Man kann eig jedes beliebige programm nehmen, welches die dateien in komprimierte videoformate umwandelt^^

/edit: wie viele frames hast du ungefähr beim aufnehmen?


----------



## GxGamer (22. April 2011)

Ich hab auch lange nach einem Gratistool gesucht.
Entweder gabs halt Zeitbegrenzungen oder die Qualität war grottig.

Nach ein paar Jahren (!) hab ich mich dazu entschlossen dann doch für Fraps zu bezahlen.
Und ich bereue es nicht, jede neue Version ist gratis im Kaufpreis mit drin.

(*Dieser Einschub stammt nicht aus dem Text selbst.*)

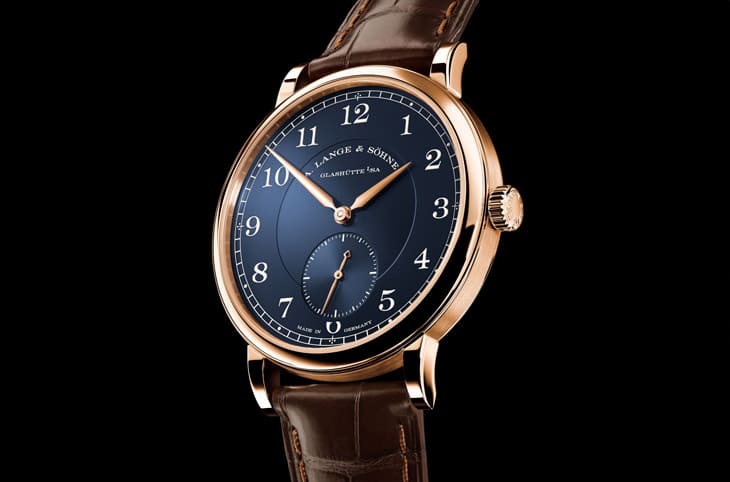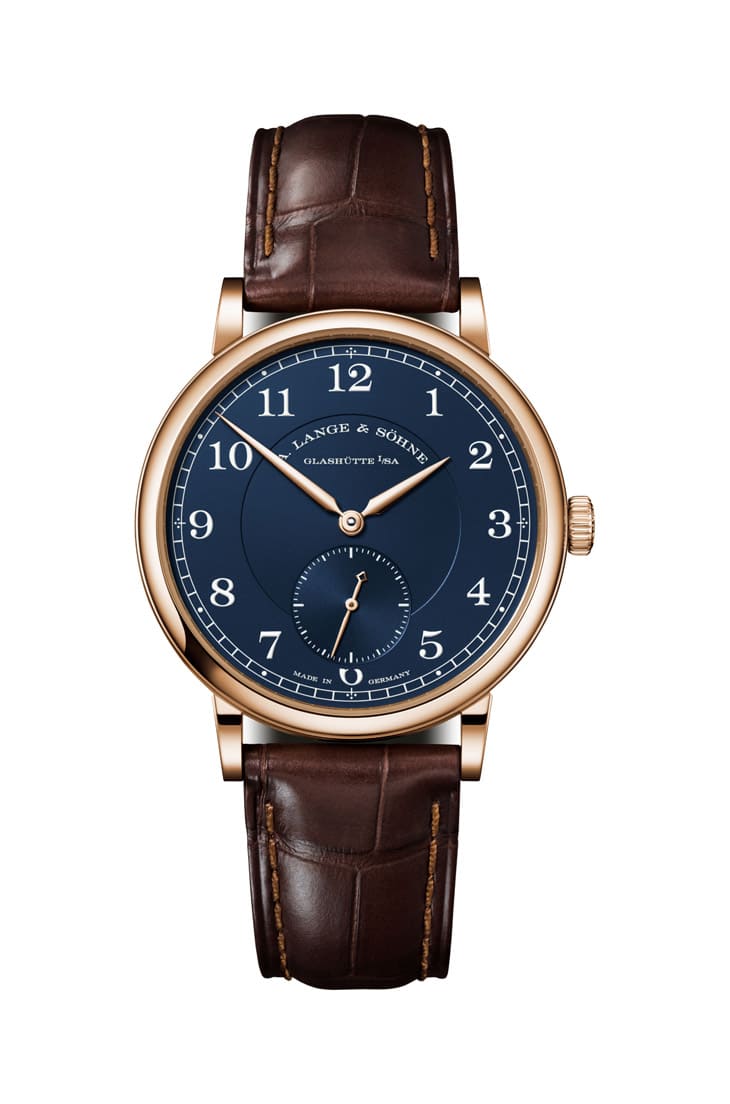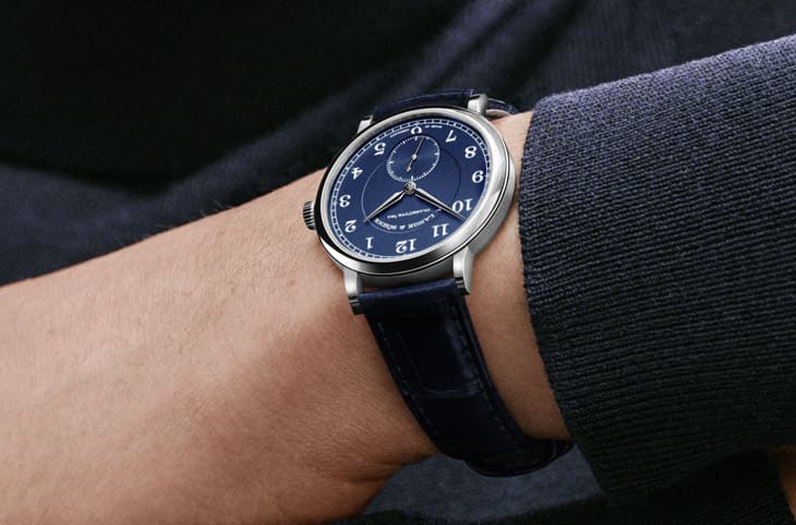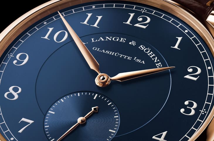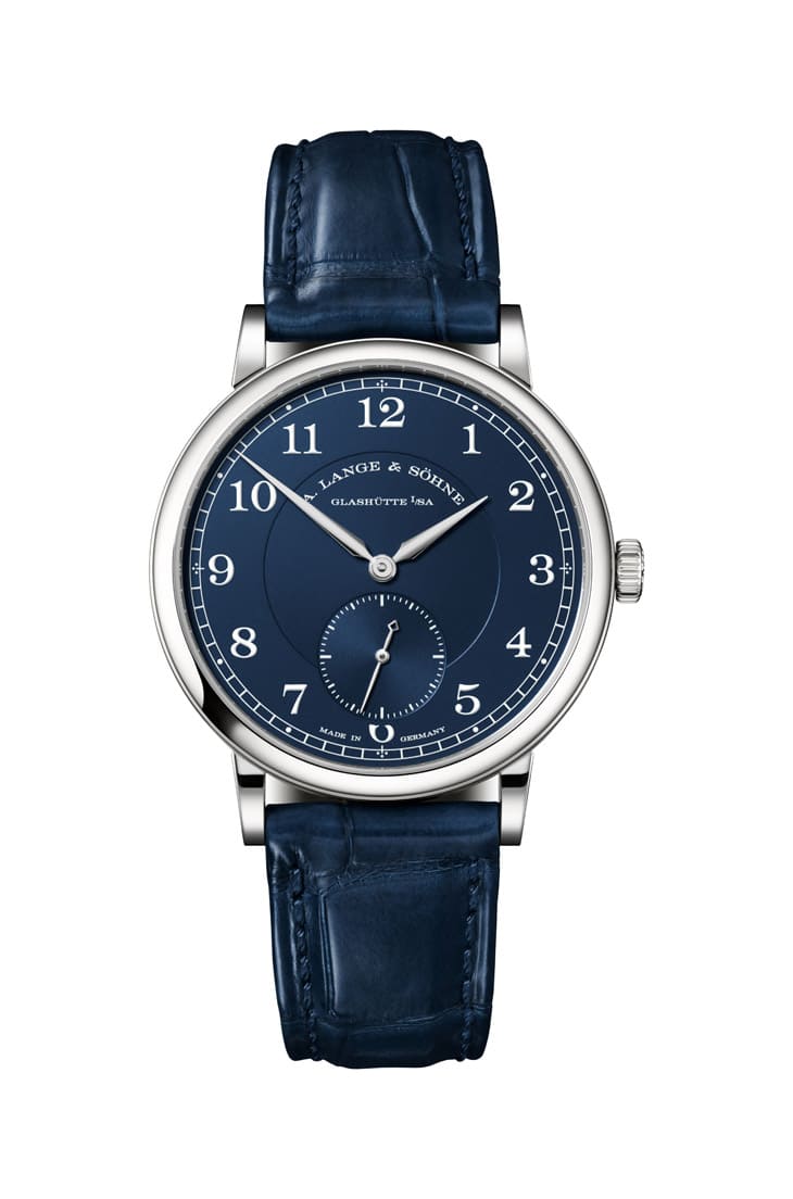 ▲蓝色电镀面盘以925银制成,搭配轨道式刻度、阿拉伯数字时标与小秒盘,金质叶形指针细腻锐利,展现朗格德式设计的严谨与精致。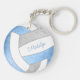 Dieser hübsche Volleyball-Schlüsselanhänger zeigt das realistische Bild eines Volleyballs, der hellblaue, graue und weiße Paneele hat, auf denen man seinen Namen individuell einstellen kann - die blau-grauen Volleyballfelder werden mit einem gürtelhaften, kaleidoskopischen Muster vermischt - von katz_d_zynes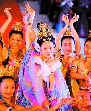 在《楊貴妃秘史》的拍攝基地,記者們首次看到了該劇剛剛制作完成的40分鐘片段。在片花中,演員們?nèi)A麗的服飾十分搶眼,“霓裳羽衣舞”也得到了完整展示,尤小剛表示,片中的舞蹈段落非常多,全劇拍攝的4個月中,舞蹈團隊就跟了三個半月,“大家都以為拍古裝戲,打仗的場面最難拍,其實不然。拍攝這部劇最難的是在復原很多鮮為人知的唐朝文化細節(jié)。觀眾在這部劇中可以看到數(shù)百人組成的唐代宮廷樂隊,黃秋生扮演的李隆基也表演了好幾段舞蹈。”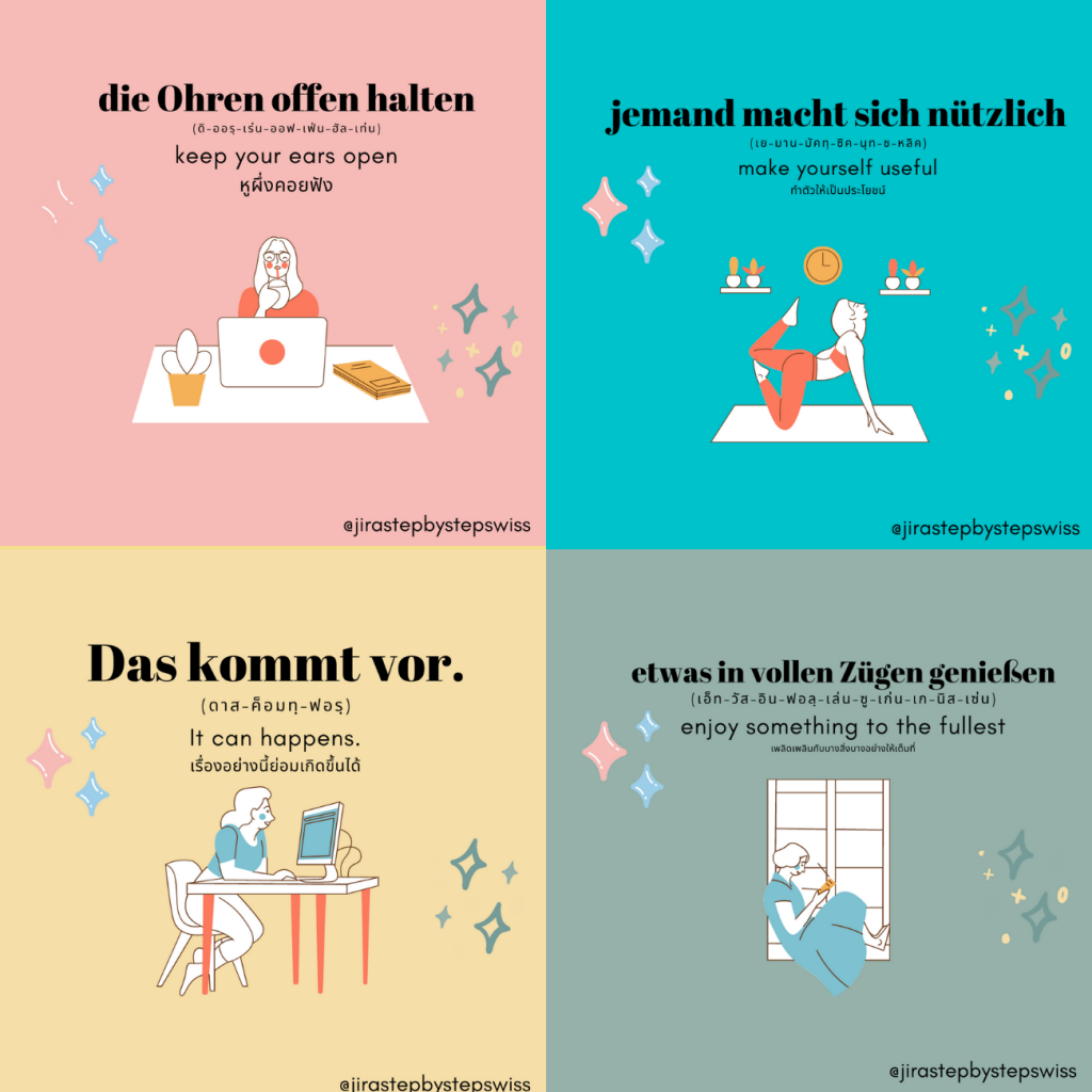 สวัสดีค่ะวันนี้ได้รวบรวมสำนวนภาษาเยอรมัน มีคำอ่าน คำแปลภาษาไทยและภาษาอังกฤษ ดูกันว่าสำนวนเหล่านี้หมายถึงและการใช้อย่างไร การอ่านสำนวนมาก ๆ จะเป็นประโยชน์กับเราอย่างเช่นนำไปเป็นวิธีสร้างหรือแต่งประโยคอย่างง่ายภาษาเยอรมันเบื้องต้นได้ค่ะ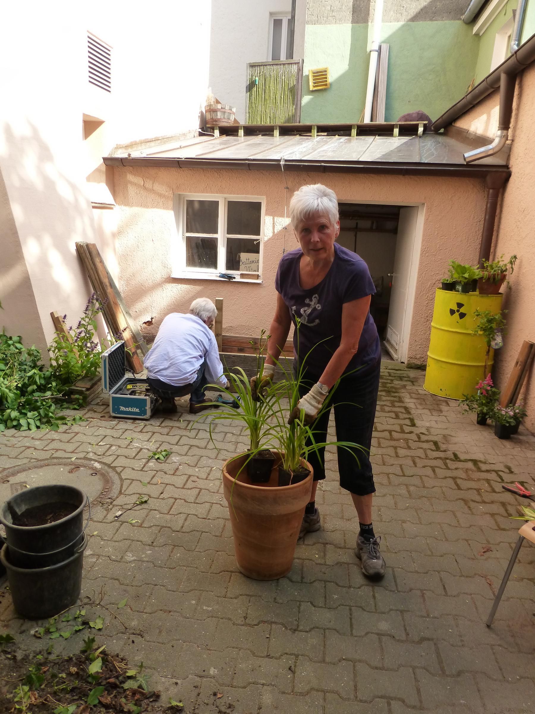 Dank der zahlreichen Blumen-, Erden-, Topf-, Deko- und Palettenspenden und dem tatkräftigen Anpacken wurde der Hinterhof in knapp drei Stunden in eine kleine Wohlfühloase verwandelt. Herzlichen Dank an alle für Eure großartige Hilfe.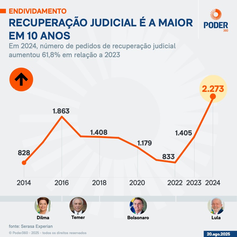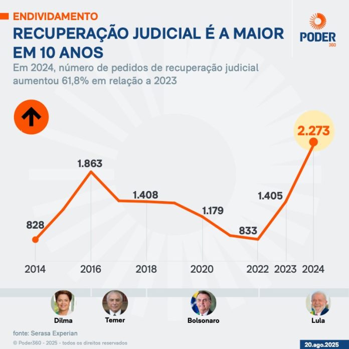 O número de pedidos de recuperação judicial no Brasil disparou em 2024, atingindo o maior patamar desde 2016. De acordo com levantamento da Serasa Experian, foram 2.273 solicitações no ano passado, contra 1.405 em 2023, o que representa uma alta de 61,8%.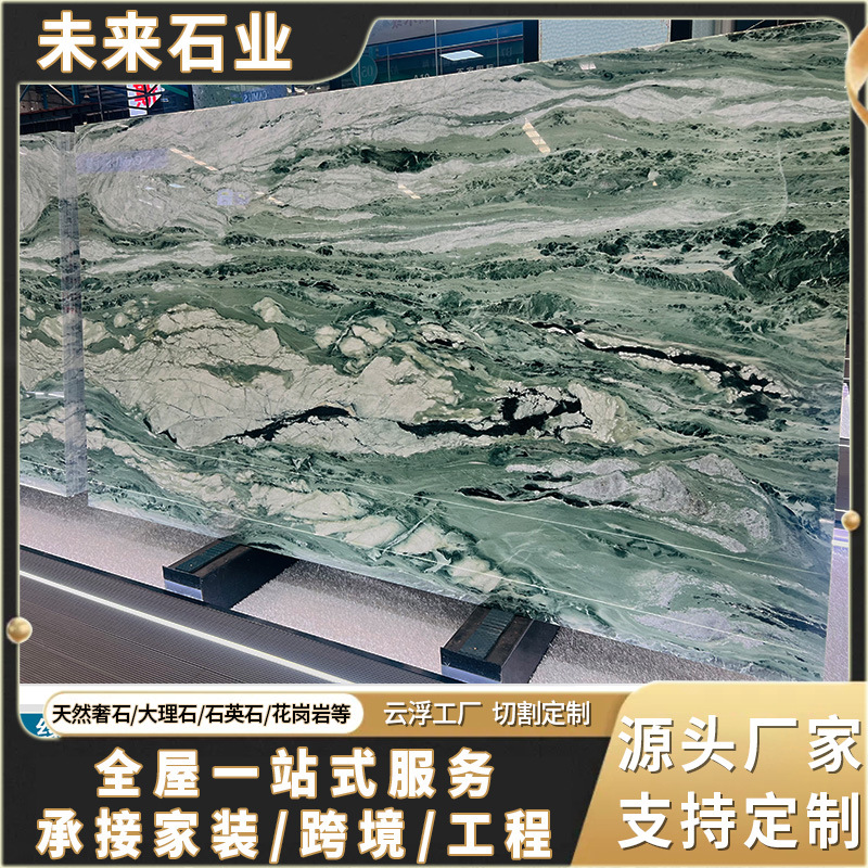 维多利亚绿 天然奢石板材 绿色大理石桌面 别墅背景墙岛台柜面板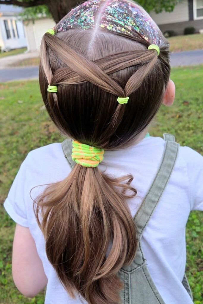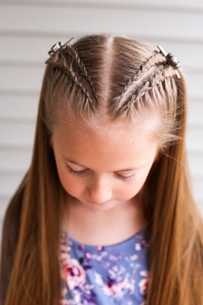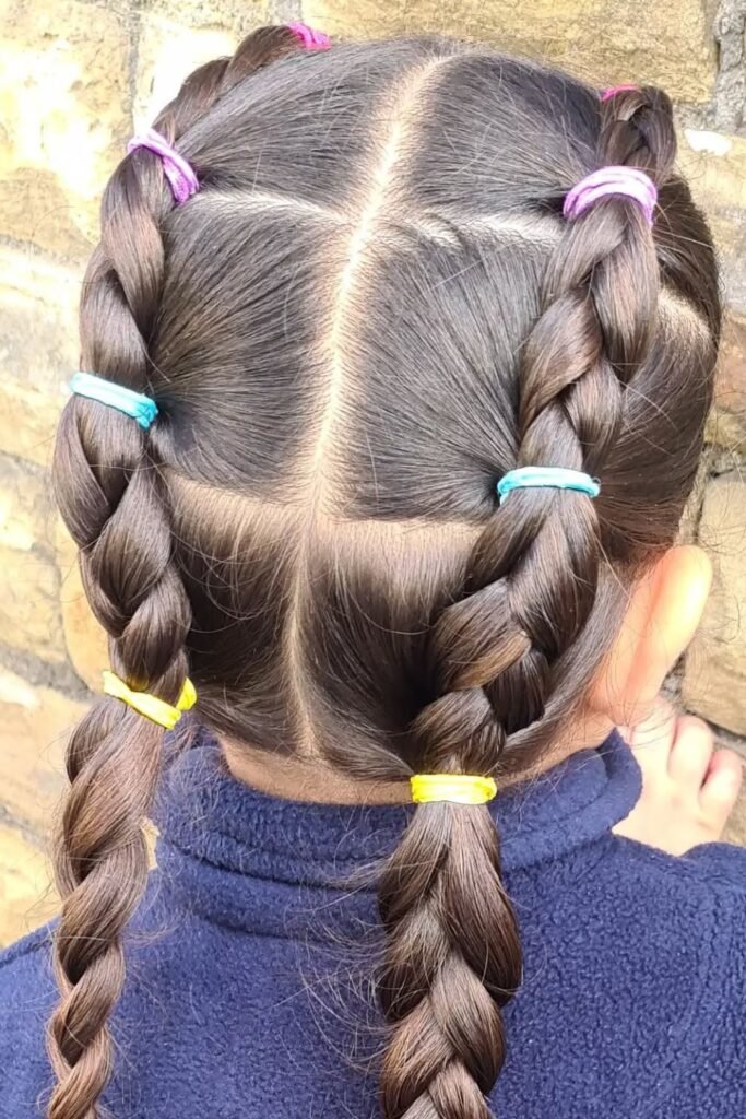 This technique works great for straight or thick hair since the braids keep it neat during classes, recess, and after-school activities.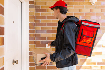 Fast delivery person with package running speedy courier service delivery person carrying box fast logistics

Und die Qualität/Möglichkeiten sind ungeschlagen.
Ich kann den Sound mit aufnehmen oder eben nicht. Oder auf Knopfdruck auch eine andere Quelle, z.B. Mikro mit aufnehmen lassen, für Audiokommentare während des Spielens. Muss jeder letztendlich selbst wissen. Für gute Spiele zahlt man ja auch, wieso nicht auch für gute Software 

Übrigens kannst du den Speicherort selber auswählen, standardmässig ist das bei C:Fraps.
Um zu sehen ob er aufnimmt, muss die FPS-Anzeige sichtbar sein, die wechselt bei der Aufnahme von gelb auf rot.


Gruß
GxGamer

PS: In Zukunft bitte keine Doppelposts, danke


----------



## Pikus (22. April 2011)

Naja, das geld währe das Prog bestimmt wert.

Welche doppelposts denn?


----------



## AntiFanboy (22. April 2011)

ja sorry wegen den doppelpsots^^

@Davin's Theorie : normal läuft das game ganz flüssig, aber wenn ich fraps an hab, dreh ich mich um, nach 5sek hab ich mich gedreht, dann drück ich auf schießen, warter 3sek und dann schiesst er erst^^


----------



## Pikus (22. April 2011)

Bei deinem System dürfte das nur an der Graka liegen können. Wobei natürlih die CPU für das aufnehmen und codieren der videos zuständig ist, und ein i7 860 dürfte da eig genug power für haben...


----------



## ChaoZ (22. April 2011)

Ich hab einen X3 und eine HD5670 und kann zB Black Ops auf hohen Details mit 60fps aufnehmen (ohne Aufnahme 80-90fps) und Crysis auf mittleren Settings mit 25 fps (ohne Aufnahme 40-50 fps). Keine Ahnung woran es liegt...


----------



## AntiFanboy (22. April 2011)

nunja, die HD5770er hat aebr genug power für f.e.a.r 1^^

ich mein das spiel stammt aus dem jahr 2005...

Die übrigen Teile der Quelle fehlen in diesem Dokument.